Among the government buildings in downtown Manhattan, with their spires, gargoyles, and balusters recalling a bygone era, there is one that houses contents as vintage as its exterior. In the basement of the Surrogate’s Courthouse, or Hall of Records, boxes upon boxes sit stacked and numbered behind locked mahogany doors. There are safes containing four-hundred-year-old litigation records, freezers keeping film reels fresh, and stacks of maps representing each borough’s early cartographic endeavors.

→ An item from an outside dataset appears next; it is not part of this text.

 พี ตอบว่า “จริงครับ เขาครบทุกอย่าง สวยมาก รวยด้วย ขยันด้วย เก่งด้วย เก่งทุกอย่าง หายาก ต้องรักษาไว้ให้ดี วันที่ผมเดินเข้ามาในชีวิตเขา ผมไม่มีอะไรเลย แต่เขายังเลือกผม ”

The entire history of New York City’s government—from handwritten court records of the first colonial Dutch settlers to the printed agendas of Bloomberg’s latest health initiatives—is filed, digitized, and preserved by the Department of Records. Eileen Flannelly (whose uncle founded the department, in 1977) is the deputy commissioner, and Kenneth Cobb (an employee since its inception) is the assistant commissioner. Together, with a few dozen staff members, they manage two hundred and twenty-one thousand cubic feet of historic city records.

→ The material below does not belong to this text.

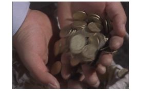 冒頭の赤マントのTVドラマシーン、金貨がザックザクと思いきや10円玉を金色に彩色しているんですね。

“I remember when all this used to be in boxes in a loft on Park Row, above a Burger King. And now look at it!” Flannelly says, gesturing to the department’s visitor’s center, which opened a year ago. The new space, along with an effort to digitize seventeen million records, speaks to the department’s efforts to keep up with the times. “We’re on all the social media, too,” she adds. Cobb, wearing white gloves, looks up from a box. “But we’ll always keep the hard copies. Technology is great, but people want to see this—they want to touch it, feel it in their hands. It’s human nature, you know?”